Using Custom Visual States - Page 1
       by kirupa  |  11 September 2009

We covered a lot of ground in the previous page where you went from a project that you opened to one where the UserControl was created, states defined, and the rectangle's size altered. Hopefully this page will continue to excite you with more fun tasks.

Setting the State Transitions
When switching between states, the change is rarely sudden. There is often a gradual, albeit quick, transition that plays where you go from your current state to the next one. For this tutorial, we are not going to go too overboard. Instead, we'll simply set a few properties that are already exposed for us in the Default transition entry found directly below our Sizes state group:

[ let's set some transtion properties ]

First, let's set the duration of our transition. Click on the text field that says 0 s currently, and change it to say .3 s which corresponds to .3 seconds, or 300 milliseconds:

[ set the duration of the transition to .3 seconds ]

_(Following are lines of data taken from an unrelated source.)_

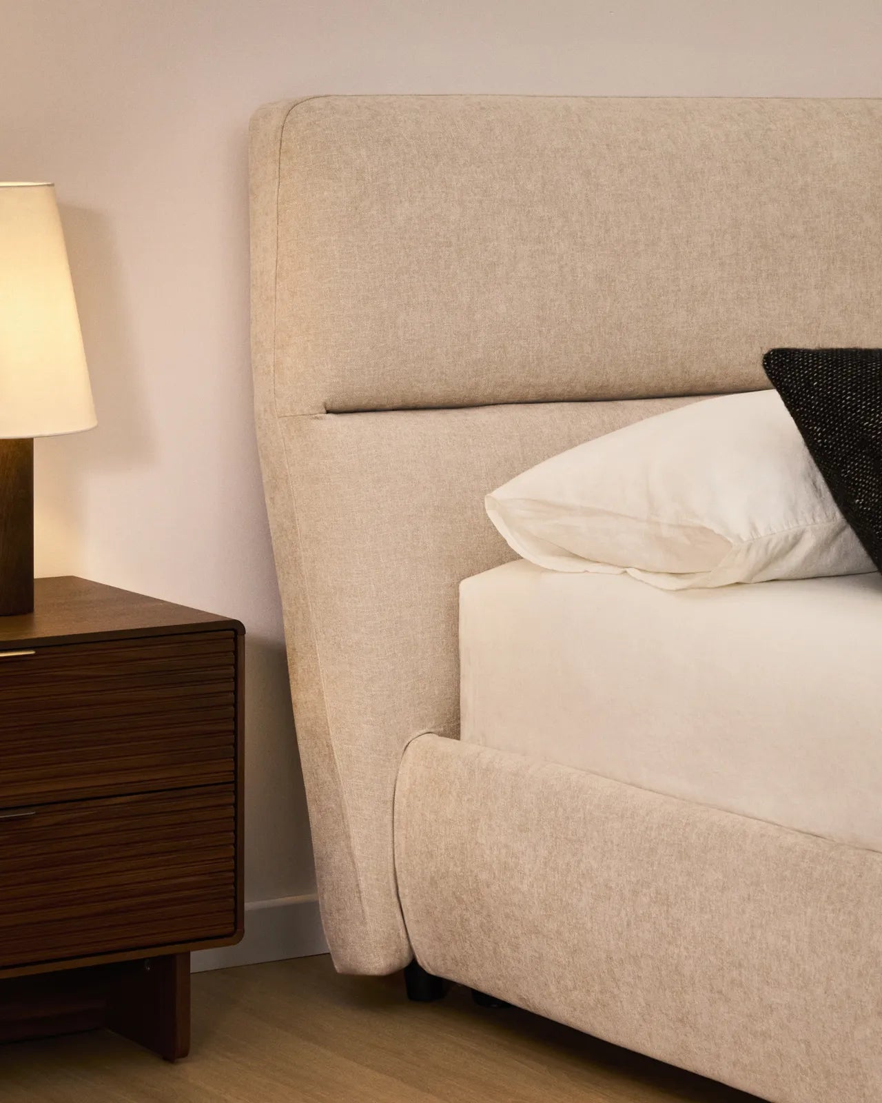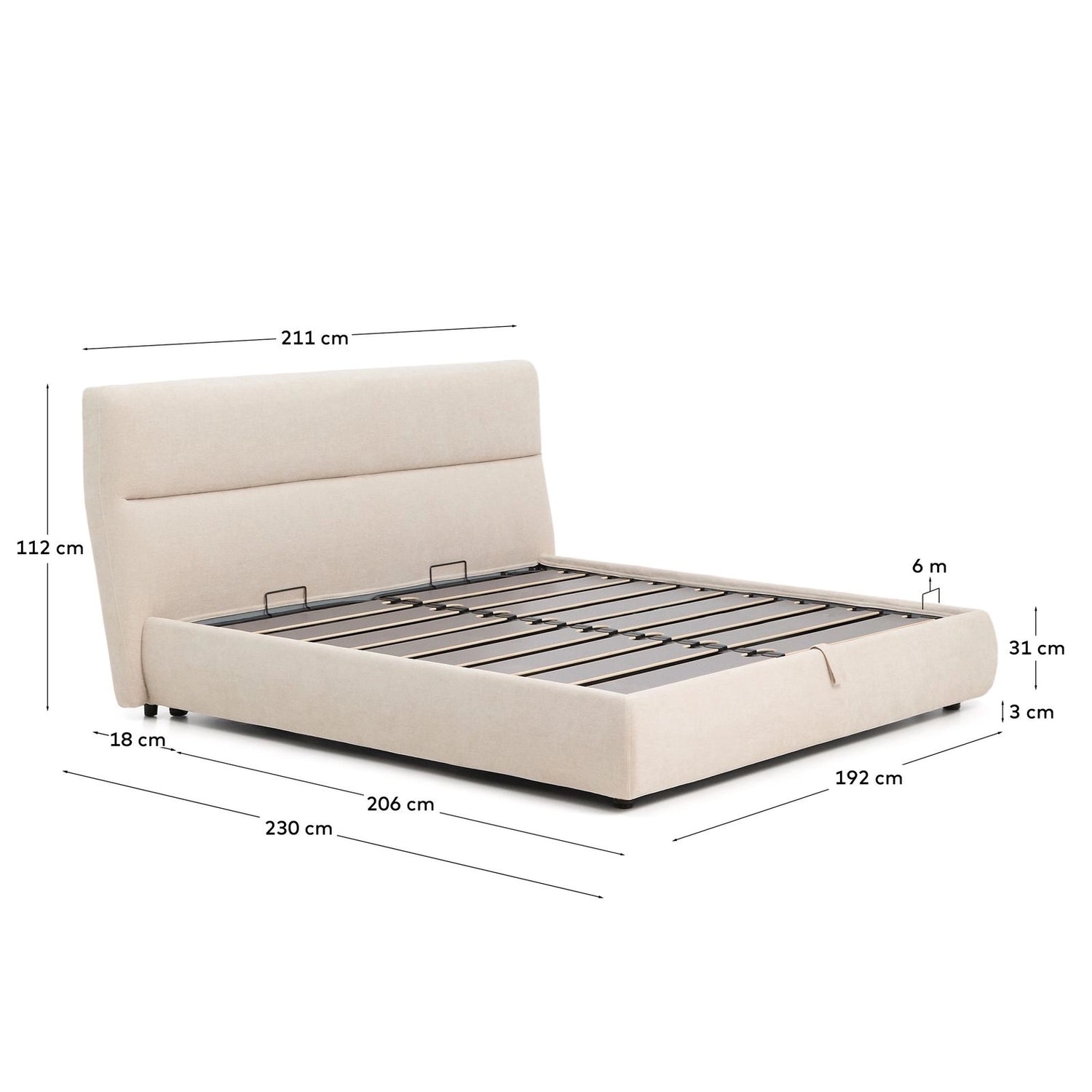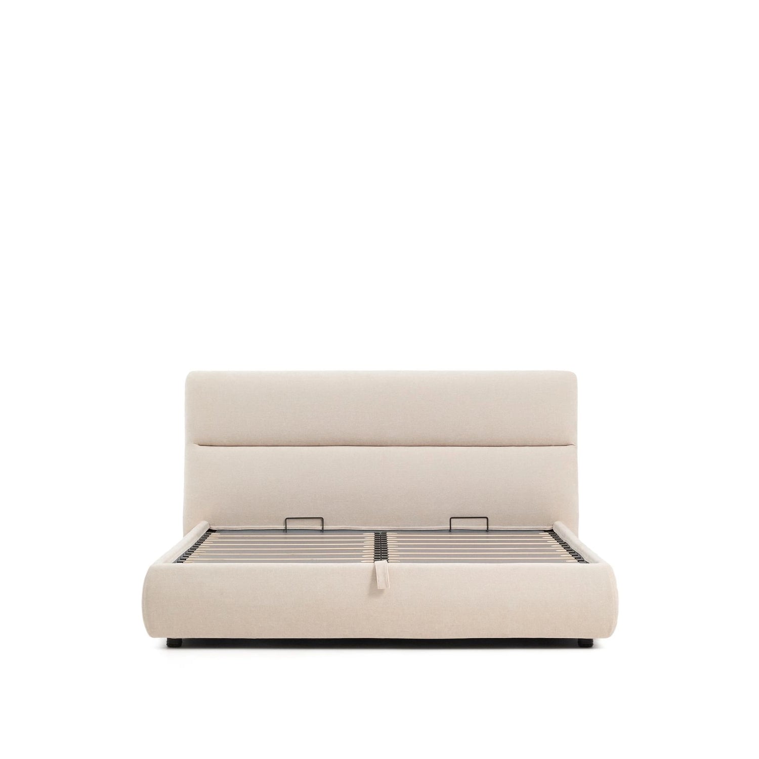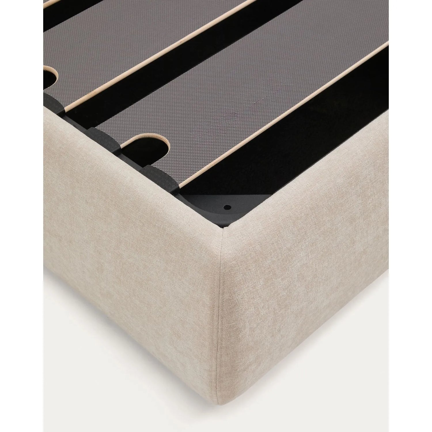 Dieses Bett vereint Komfort und Funktionalität in einem Möbelstück, mit dem Ruhe und Ordnung Einzug ins Schlafzimmer halten. Das schlichte und zeitlose Design unterstreicht die Details: ein vollständig abziehbares, praktisches Gestell, das das Problem der Aufbewahrung löst, ohne zusätzlichen Platz zu beanspruchen. Der Bezug aus kleinstrukturierter Chenille fühlt sich angenehm samtig an und überzeugt durch hohe Lichtbeständigkeit und Strapazierfähigkeit im Alltag. Sowohl das Kopfteil als auch der Rahmen sind vollständig abziehbar. Die Bezüge können in der Maschine im Schonwaschgang gewaschen werden. Der Stoff ist gemäß OEKO-TEX® STANDARD 100 zertifiziert, was eine sichere und umweltverträgliche Herstellung gewährleistet. Der Bettkasten ist mit zwei 900N-Gasdruckfedern ausgestattet, die das Öffnen erleichtern und einfachen Zugang zum Stauraum ermöglichen. Der Lattenrost besteht aus Latten aus gedämpftem Pappelholz (180 mm), die mit Kunststoffteilen verstärkt sind, um die Geräuschentwicklung während des Gebrauchs zu reduzieren. Das pulverbeschichtete, 1,1 mm dicke Stahlgestell sorgt für Festigkeit und Stabilität. Jedes Detail wurde sorgfältig durchdacht, um ein Bett zu schaffen, das Design und Funktionalität in einem Produkt vereint.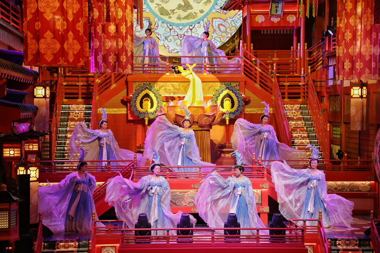 “長安十二時辰”主題街區(qū)內(nèi)的霓裳羽衣舞表演。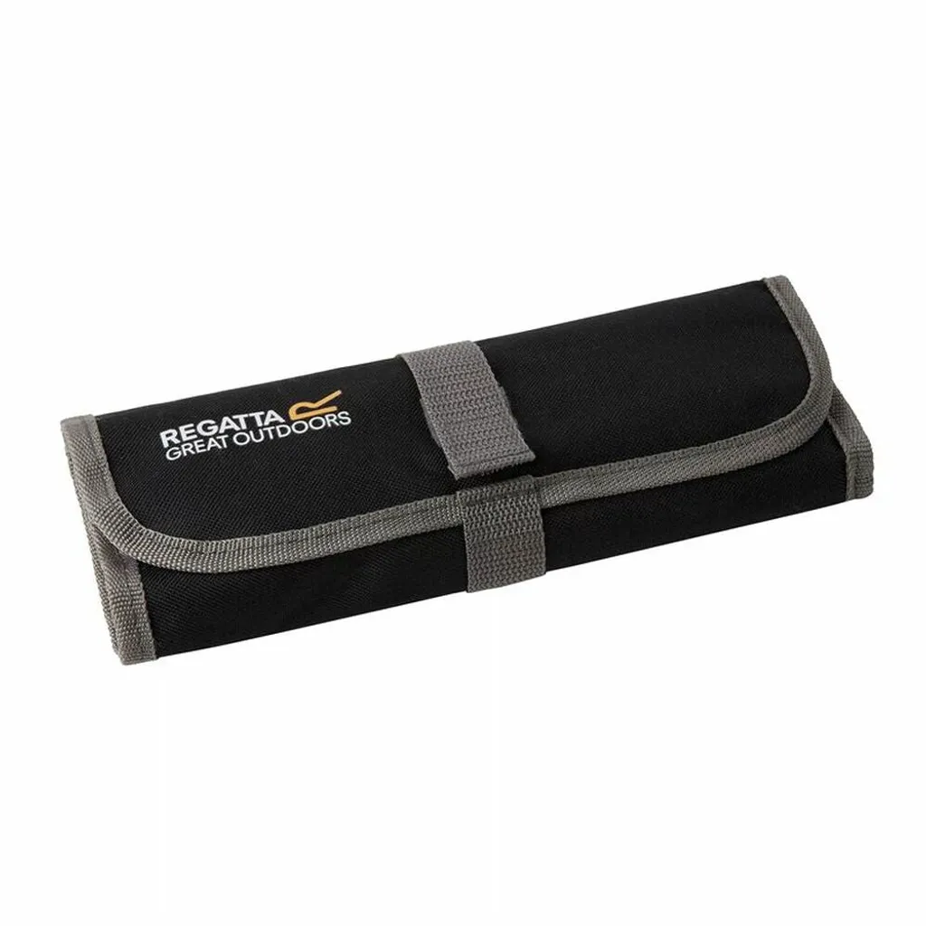 Походный набор «Регата» на 4 человека. Эта прочная регата столовых приборов состоит из четырех ножей, четырех вилок и четырех ложек. Столовые приборы изготовлены из нержавеющей стали с пластиковой ручкой, поэтому имеют длительный срок службы. Набор хранится в сворачивающейся крышке, поэтому столовые приборы можно легко взять с собой. Идеально подходит для кемпинга или в качестве дополнительного столового прибора для барбекю или вечеринки в саду! Характеристики: Цвет: черный/серебристый Пол: унисекс Материал: сталь/полиэстер В комплекте 4 ножа, 4 вилки, 4 ложки, 1 крышка подшипника.

Next up, since Easing Functions in Silverlight and Blend are all the rage these days, let's go ahead and specify an easing function for our state transition as well. To the left of the duration field you just modified is a small box with a diagonal line through it. Click on that box and, from the EasingFunction combobox, select the InOut variant of the Back easing function:

[ since we are already here, let's set an easing function ]

After you have made this change, your States panel should look as follows with the easing function and the .3 second duration set:

[ what your states and properties  in the States panel now look like ]

Believe it or not, you are now done with the states portion of this tutorial where you created your own states and modified the transition between them. Next up is the interesting topic of how to actually make this work.

Changing the States using C#
Now that you have your states setup, all that remains is to have your states fire. There are two ways to do this. One way, which I will describe in this section, is to write some code. The other way, which I will describe in the next page, is how to use a built-in Behavior to do all of this easily.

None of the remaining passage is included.